According to organisers, the Transcontinental is ‘simple in design but complex in execution’ and designed to test entrants’ capacity for physical endurance, navigation, planning, judgement and self-sufficiency.

Participants must ride along certain control points — pre-determined sections of road chosen by organisers for their location, aesthetic and difficulty — en route to the finish without receiving any outside assistance, beyond that available to the general public. The rest is up to them.

It is a beautifully hard event whose expeditionary nature echoes the origins of today’s professional road racing calendar. The sheer adversity — and the ingenuity and fortitude required to overcome it — resonate with supporters that have grown bored with what many perceive as a sterile and automated modern professional sport. It attracts the the most committed disciples of ultra-endurance cycling while generating a cohort of ‘dot-watchers’ — supporters who follow the GPS tracker of participants online from home across a digital map of Europe.

TCR #6 started in Geraardsbergen, Belgium, and paid visits to the Austrian and Slovenian Alps, a forgotten national park on the Czechia- Poland border and the abandoned ski station overlooking Sarajevo, Bosnia-Herzegovina, before a finish line in Meteora, Greece. At TCR #7 in 2019, the last event before the Covid-19 pandemic, Fiona Kolbinger, a doctor from Germany, became the first woman to win.

This year’s edition, TCR #8, which starts on July 24, will take riders to Czechia, Italy’s Passo di Gavia, the Durmitor Massif in Montenegro and a gravel pass alongside Romania’s famous Transalpina before finishing on the Black Sea coast of Bulgaria. It is a route comprising approximately 4,100km, 800km more than this year’s Tour de France.

The front runners will finish in about eight to ten days. The event literally takes riders across Europe but it also takes riders on an odyssey through their own minds. The bicycle is a vehicle for emotional movement as much as physical, its routine and repetition transports the rider to mental places as well as geographic locations. Those mental wanderings – observations and reflections – are all amplified by the intensity and extreme fatigue of the race. These notes from the road, which Richard recorded on a Dictaphone in 2018 and typed up shortly afterwards, try to capture the mood of one first-time entrant’s race and answer two questions: why would anyone want to go off on a solo bike race across Europe, and what happens if you do?
***

TCR 6 — Part One

The last meal of the condemned man: curry, eaten in silence on some benches outside the youth centre in Geraardsbergen surrounded by friends and family of other people. Everyone is sitting quietly. Another rider takes out his pocket knife and cuts off the unnecessary half of his toothbrush.

I glance around at the equipment of fellow racers. There’s Björn Lenhard over in the corner, with little more than a large saddle pack that is probably less than half the weight of mine. I mentally unpack and ponder which of my belongings constitute the unnecessary half. I head into town and order a drink. The sun sets behind the houses to leave a pastel backlit sky. Owing to the mutters and glances – a mixture of bemusement, awe and pity – the other patrons know I’m doing that crazy bike ride that starts in an hour or two. “He’s got a cap with a number on. Yeah, to Greece! Madman. Large white wine please.”

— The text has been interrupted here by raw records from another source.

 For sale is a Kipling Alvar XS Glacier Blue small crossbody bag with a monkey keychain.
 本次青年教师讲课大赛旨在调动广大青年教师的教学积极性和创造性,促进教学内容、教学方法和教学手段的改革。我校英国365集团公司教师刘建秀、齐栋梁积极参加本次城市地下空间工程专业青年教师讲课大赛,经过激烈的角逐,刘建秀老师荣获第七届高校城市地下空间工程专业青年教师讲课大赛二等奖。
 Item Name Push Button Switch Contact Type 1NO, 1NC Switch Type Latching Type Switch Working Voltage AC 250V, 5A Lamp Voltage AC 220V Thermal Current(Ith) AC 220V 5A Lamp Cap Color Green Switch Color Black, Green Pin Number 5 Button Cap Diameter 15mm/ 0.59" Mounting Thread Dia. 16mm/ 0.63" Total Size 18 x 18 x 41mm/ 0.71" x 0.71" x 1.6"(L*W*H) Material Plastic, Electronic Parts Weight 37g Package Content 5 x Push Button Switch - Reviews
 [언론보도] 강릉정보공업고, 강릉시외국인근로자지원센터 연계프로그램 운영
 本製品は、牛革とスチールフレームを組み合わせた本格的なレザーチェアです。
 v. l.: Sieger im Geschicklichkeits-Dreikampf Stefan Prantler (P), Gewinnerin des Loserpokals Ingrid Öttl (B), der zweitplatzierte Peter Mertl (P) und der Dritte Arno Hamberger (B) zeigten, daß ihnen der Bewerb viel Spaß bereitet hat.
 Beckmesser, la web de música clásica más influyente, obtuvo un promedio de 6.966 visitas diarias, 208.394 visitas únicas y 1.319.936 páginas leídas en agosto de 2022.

Job Simons has been to the chapel on the Muur to light a candle for us, praying that we return safely and quietly reflecting that 12 months earlier his father Frank, a starter in TCR #5, hadn’t. Frank was killed in a collision with a car on the first night of last year’s race. The TCR’s founder Mike Hall died last year when he was hit by a car near the end of the inaugural Indian Pacific Wheel Race.
I am no condemned man, really. Frank’s and Mike’s passing was so shocking because deaths are not common. But it’s a reminder that this is no game. This is no sportive. This is something else. We all leave here for Greece together but, thanks to whatever the road throws at us, almost half of us won’t make it. We won’t admit it, but right now we’re looking around, trying to decide which half each of us is in and which half is out.

***
I’m riding along to Control Point One and all I notice are the cats in the fields: out here, hunting for mice and birds or something in the golden wheat stubble, with home a cat-flap somewhere just over the horizon. I’m out here hunting for something too. Yet there will be no cat-flap for me to slink through tonight. I bump into a fellow rider, our lines momentarily overlapping on this blank map of Europe. I ask him where he’s heading. “I don’t know, I just keep going until I feel like stopping,” he says. Then he turns off, for Liechtenstein, and our intersection ends.

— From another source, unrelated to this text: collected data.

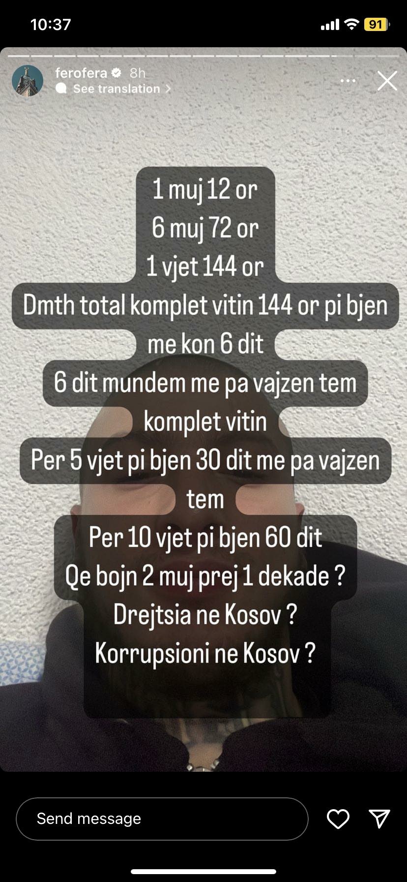 “Një muaj 12 orë, gjashtë muaj 72 orë, një vjet 144 orë. Dmth total komplet vitin 144 orë po i bie me qenë gjashtë ditë. Gjashtë ditë mundem ta shoh vajzën time komplet vitin. Për pesë vjet po i bie 30 ditë ta shoh vajzën time. Për 10 vjet po i bie 60 ditë. Që bëjnë dy muaj prej një dekade? Drejtësia në Kosovë? Korrupsioni në Kosovë”, ka shkruar Fero.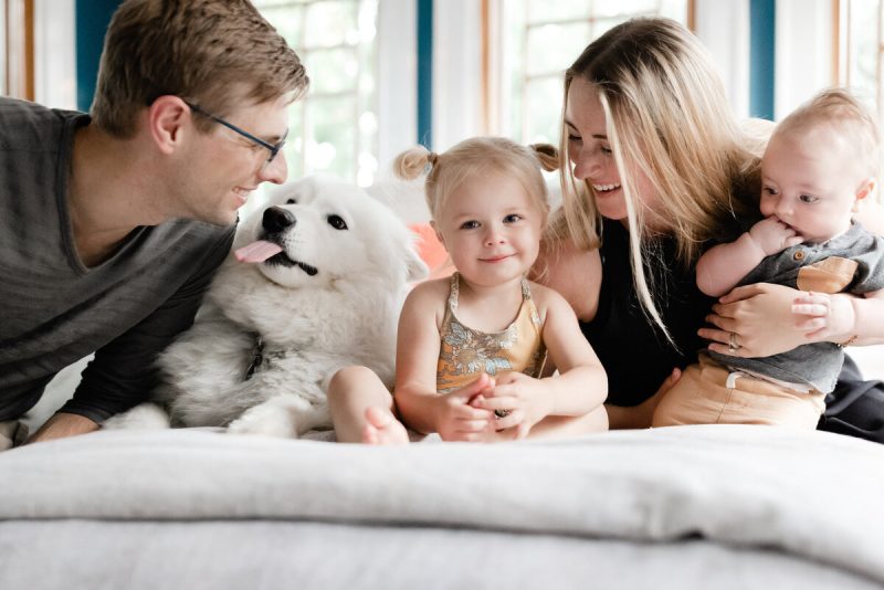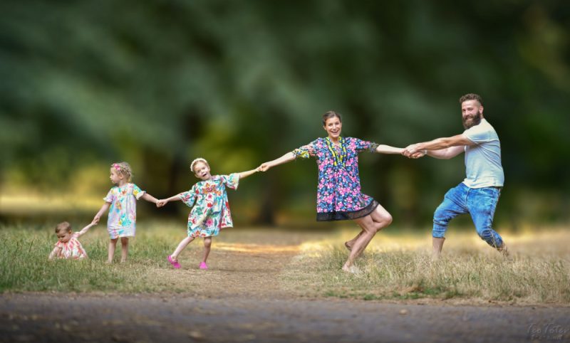 در مورد این که اعضای خانواده چطور در یک عکس پرترهی خانوادگی جای بگیرند خلاق باشید. این قضیه بستگی به این دارد که با چند نفر سروکار دارید و چقدر فضا در اختیار دارید. در مورد خانوادهای با دو فرزند میتوان مطابق عکس یک دایره سر به سر بسیار جالب ایجاد کرد.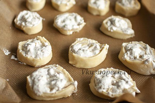 Заготовки выкладываем на застеленный пергаментом противень. Отправляем в разогретую духовку выпекаться при 180 градусах на 15-18 минут.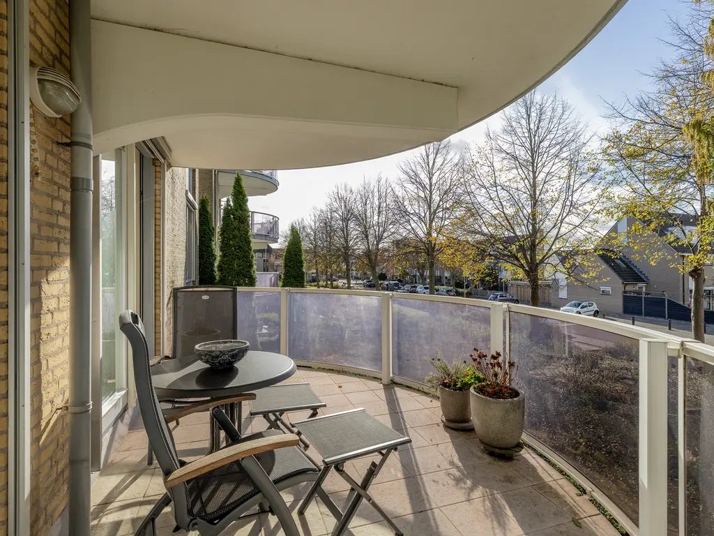 Het terras ligt op het westen en biedt een prachtig uitzicht over de groenstrook en het water voor het complex. Dankzij de ligging op de hoek heeft u een vrij uitzicht over de omgeving. Vanuit zowel de woonkamer als de hoofdslaapkamer is het terras direct toegankelijk via schuifpuien.

The warm dusk of a midsummer’s night shimmers on the shores of Lake Constance, a crisp and clean backdrop where I feel like a greasy chip: once far too hot and now cold, limp, and oozing around at the bottom of the chip-paper. Some people in a bar cheer me as I ride past. How did they know? Did they know? They couldn’t be clapping for every cyclist in town. Maybe they’d spoken to another rider. Maybe they’d looked it up.

It was just so hot. Too hot to eat, too hot to drink, too hot to think, too hot to remember. I lie down in a roadside motel, my mind in gridlock but my heart racing a bunch sprint. I get up an hour later then slump onto the floor to avoid passing out. I down another bottle of water. Three hours later I rise before the sun and head out into the fields again. Climbing up the Silvrettastrasse it’s hot again. I’m swirling around, drenched in cars and heat and sweat and noise and consumption.

If I’m out here looking for an escape from the modern world, through the primeval thrill of life on the road, then I’ve made a wrong turn. Climate change, greenhouse gases, the motor car, modernity, tradition, hot summers, cause and effect all mingled together in hot winds and hot exhausts and bus-loads of tourists buying chocolate bars and wobbling around in the thin air. If I don’t really know what I’m looking for, I do know I won’t find it here.

***
How do you say, ‘I’ll have exactly the same, all of that, again, please’, in Czech? Martin, sitting opposite me at the table, duly translates for the waitress who pauses, looks at me with bemusement, and returns later with another tray of muesli, yoghurt and coffee.
Martin is bike-packing through the central Czech Republic on his mountain bike for a few days. He’s taking his time, stopping wherever he feels like it, and relishing the peace and quiet. I’m bike-packing my way across Europe for a few weeks, stopping when I have to, and I am deafened by the incessant mental drone of the race urging me to push further on. However both of us decided that it was not worth riding through the thunderstorm in the little town of Ledeč nad Sázavou, and both of us stopped at its one café.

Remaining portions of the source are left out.